Nicki Minaj‘s album rollout for her new album Queen has been a quagmire: from delays that changed the original release date a handful of times to singles like “Rich Sex” and the Ariana Grande-assisted “Bed” that have mostly fizzled to a highly visible feud with a blogger and a guest appearance on a song with controversial rapper 6ix9ine that was perceived as a desperate gambit but ended up as the highest charting song the Minaj has appeared on in a few years. Under the weight of all this chaos and fizzling interest, Queen carries a heavy burden, but on it’s third track “Barbie Dreams,” that all at least momentarily dissipates.
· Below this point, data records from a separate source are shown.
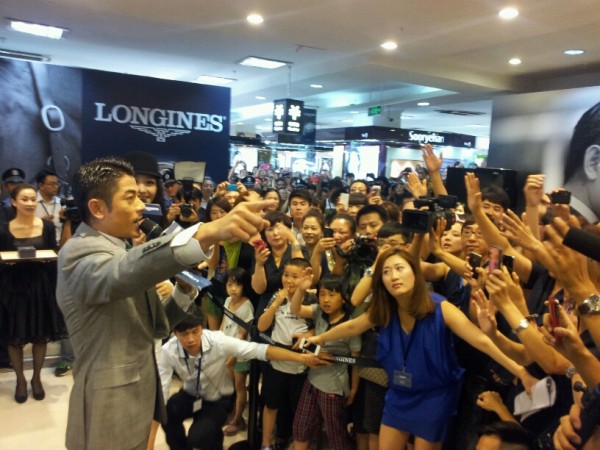 [17:32] 2012/06/24 【on.cc 東方互動 專訊】 郭富城為代言的手錶品牌到內蒙呼和浩特新店剪綵,城城繼20多年前拍電視劇《成吉思汗》後,第二次踏足內蒙,令他感覺十年人事幾番新。當地的粉絲對城城表現很熱情,舉行活動的商場一早已擠滿人潮,品牌出動近百名保安為城城開路,完成工作後大會安排城城品嘗正宗蒙古全羊宴火鍋,惟抱恙的城城為免影響拍戲只能淺嘗,不過城城卻對入住蒙古包很有興趣,希望下次有機會享受草原游牧生活。
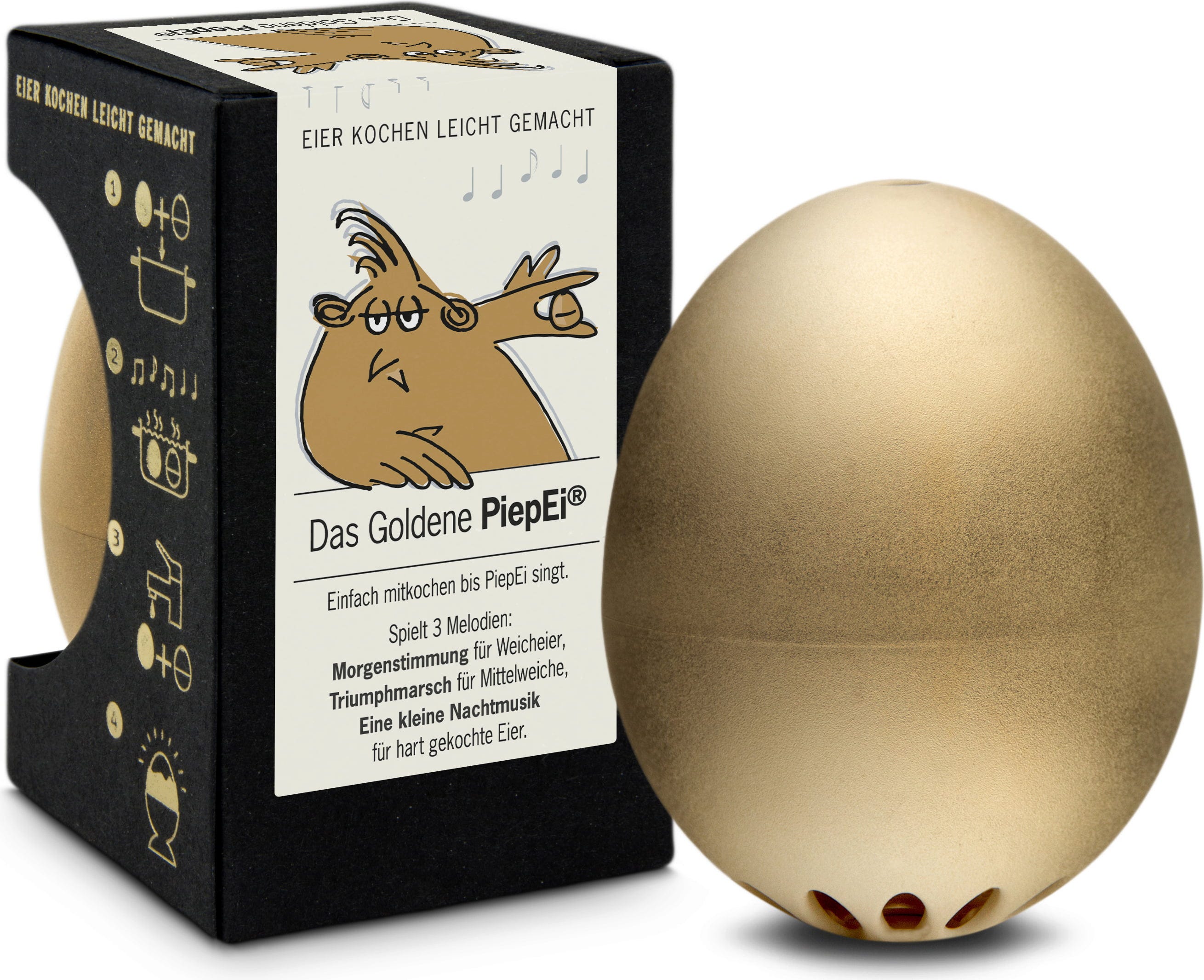 Einfach das Das Goldene PiepEi mit den Eiern lagern, gemeinsam kochen und warten, bis die Melodie des gewünschten Härtegrades spielt. Unabhängig davon, mit welcher Wassertemperatur man startet, welche Eiergröße und auf welcher Höhe gekocht wird.
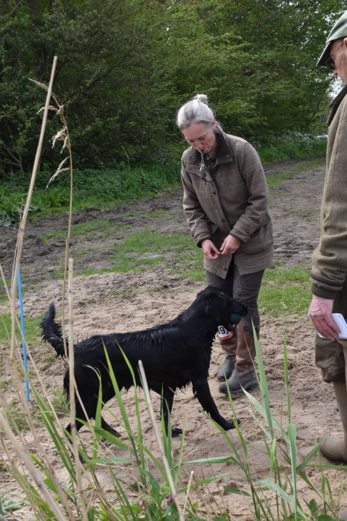 Last weekend (4th & 5th of May) was the weekend Lotte should have had her puppies if the mating had been successful. As she is very affected by the hormones of a pseudo pregnancy (quite common after a mating) we are trying to give her some distraction and a purpose to get her mind off jumping her mother and bothering her brother. In training she is of course rather unfocused at the moment due to hormones so my patience is needed. It was a spur of a moment decision to enter her for the working test – hoping for it to provide us with some distraction of the somewhat emotional date this weekend. That mission has succeeded and Lotte and I had a nice day out working. WFRG had designed some really nice and variated tests and the weather was really nice.
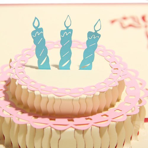 -. Feature : Package of 2 Handmade Papercraft3D Creative Gift Card -- Pop Up Birthday Cards with Birthday Cake Flowers 1 Candle / Folding size: 15 x 13 cm / Each card include: 1 Card + 1 white Envelope +1 unsealed clear plastic sleeve / You can add your own words if needed / Fantastic birthday card for your family, colleague, friends etc whoever you love

Minaj’s interpolation of the Notorious B.I.G.‘s “Dreams (Just Playing)” is a genuinely funny, biting, pitch-perfect flip of B.I.G.’s crass fantasies about female R&B stars he wanted to fuck, making it instead a cheeky, incisive (and sometimes extremely mean) dressing down of male rappers Minaj knows she could fuck but probably won’t for a host of reasons. In a recent interview, she lamented the death of rap beef, something she loved and felt had dissipated and it’s clear that “Barbie Dreams” was her way of bringing that raucous energy back in a jovial spirit. Aside from using Biggie as a jumping off point, she takes a page out of 50 Cent’s “How to Rob,” going after nearly every noteworthy man in rap, even making 50 her first target on the record” “I tried to fuck 50 for a powerful hour, but all the n***a wanna do is talk Power for hours.”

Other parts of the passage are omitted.